Egon Zimmermann

Personal information
- Born: 8 February 1939 Lech, Vorarlberg, Nazi Germany
- Died: 23 August 2019 (aged 80) Lech, Austria
- Height: 180 cm (5 ft 11 in)

Skiing career
- Sport: Alpine skiing
- Club: SK Arlberg
- Retired: March 1968 (age 29)
- Disciplines: Downhill, giant slalom, slalom, combined
- World Cup debut: January 1967 (age 27) inaugural season

Olympics
- Teams: 2 – (1964, 1968)
- Medals: 1 (1 gold)

World Championships
- Teams: 4 – (1962, '64, '66, '68) (includes two Olympics)
- Medals: 3 (2 gold)

World Cup
- Seasons: 2 – (1967, 1968)
- Podiums: 0
- Overall titles: 0 – (17th in 1967)
- Discipline titles: 0 – (9th in DH, 1967)

Medal record
Men's alpine skiing
Representing Austria
Olympic Games
| Gold medal – first place | 1964 Innsbruck | Downhill |
World Championships
| Gold medal – first place | 1962 Chamonix | Giant slalom |
| Bronze medal – third place | 1962 Chamonix | Downhill |

= Egon Zimmermann =

Austrian alpine skier (1939–2019)

Egon Zimmermann (8 February 1939 – 23 August 2019), often referred to as Egon Zimmermann II, was a World Cup alpine ski racer and Olympic gold medalist from Austria. Zimmermann won the Olympic downhill at Patscherkofel in 1964 and several medals on the professional tour in the late 1960s and early 1970s.

==Early life==
Zimmermann was raised on a farm near Lech, Vorarlberg, with two brothers. Lech blossomed into a ski resort while he was growing up, and his family converted their farm house into a pensione. His childhood coincided with the post-World War II poverty of Austria, so not only did Zimmermann have no formal training, but his skis were often "fourth or fifth-hand." At 15, his father forced him to learn a trade, and he enrolled in a chef program in Paris. Zimmermann returned to Austria by the time he reached 18, and won a clean sweep of the 1958 Junior Championships. When he was promoted to the National team, he commented: "For me it was also the realization of a childhood dream, a dream interrupted by a kitchen."

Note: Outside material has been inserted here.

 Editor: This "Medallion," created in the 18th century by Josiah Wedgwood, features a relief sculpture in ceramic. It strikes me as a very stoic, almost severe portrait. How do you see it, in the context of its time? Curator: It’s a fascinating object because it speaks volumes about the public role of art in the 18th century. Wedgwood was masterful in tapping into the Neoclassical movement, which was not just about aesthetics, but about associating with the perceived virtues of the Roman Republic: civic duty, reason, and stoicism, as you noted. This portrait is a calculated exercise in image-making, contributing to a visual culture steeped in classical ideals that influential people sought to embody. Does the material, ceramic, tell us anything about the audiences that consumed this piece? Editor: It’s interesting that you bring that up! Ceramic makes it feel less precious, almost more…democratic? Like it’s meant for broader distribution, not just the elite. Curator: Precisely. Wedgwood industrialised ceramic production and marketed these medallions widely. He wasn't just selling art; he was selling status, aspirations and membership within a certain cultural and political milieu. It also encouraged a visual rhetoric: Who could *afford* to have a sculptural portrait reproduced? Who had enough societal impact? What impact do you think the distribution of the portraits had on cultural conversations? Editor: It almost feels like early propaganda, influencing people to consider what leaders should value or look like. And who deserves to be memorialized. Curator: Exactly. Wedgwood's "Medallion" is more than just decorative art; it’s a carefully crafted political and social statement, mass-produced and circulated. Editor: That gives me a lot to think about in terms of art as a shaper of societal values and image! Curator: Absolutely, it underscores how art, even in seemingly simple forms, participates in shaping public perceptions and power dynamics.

==Career peak and Olympics==
Zimmermann won two medals at the 1962 World Championships in Chamonix, a gold in the giant slalom and a bronze in downhill. He was named the "Skier of the Year" in 1963 by European journalists.

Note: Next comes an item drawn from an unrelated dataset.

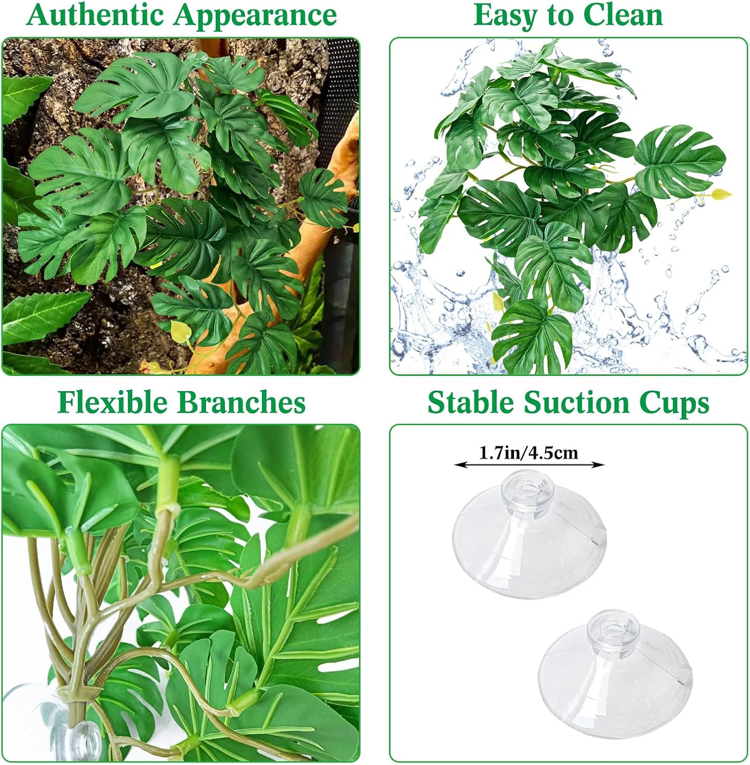 3 reviews for VCEPJH Reptile Plants with Suction Cup Amphibian Habitat Decor 2 Pcs Artificial Leaves for Terrarium Decor Crested Gecko Tank Accessories for Bearded Dragon, Lizard, Snake (Monstera)

For the 1964 Olympics in Austria, the "dashing" and "handsome" Zimmermann was heavily favored to win. However, the course at Patscherkofel was quite difficult (nicknamed the "Course of Fear"), but he still managed to win by 0.74 seconds. (Franz Klammer famously won on the same course a dozen years later in 1976.) He did not enter the
slalom and did not finish the giant slalom. Despite not sweeping the alpine events as did his compatriot Toni Sailer in 1956, Zimmermann appeared on the 10 February 1964 cover of Sports Illustrated magazine in the United States.

==Personal life==
He owned a hotel in Lech am Arlberg and suffered from multiple sclerosis. Zimmermann also helped create Zimmermann's ski and snowboard in 1969.

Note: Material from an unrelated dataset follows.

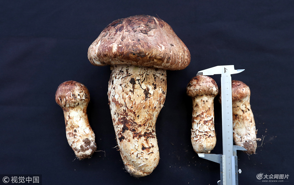 2018年10月19日,昆明,“松茸王”現(xiàn)身云南木水花野生菌交易市場。一朵產(chǎn)自大理巍山的“松茸王”經(jīng)測量長度達34厘米,超出一般松茸長度的2-4倍多。

Zimmermann died on 23 August 2019 at the age of 80.

==Olympic results ==

| Year | Age | Slalom | Giant slalom | Super-G | Downhill | Combined |
| 1964 | 24 | — | DNF | not run | 1 | not run |
| 1968 | 29 | — | — | 13 |

From 1948 through 1980, the Winter Olympics were also the World Championships for alpine skiing.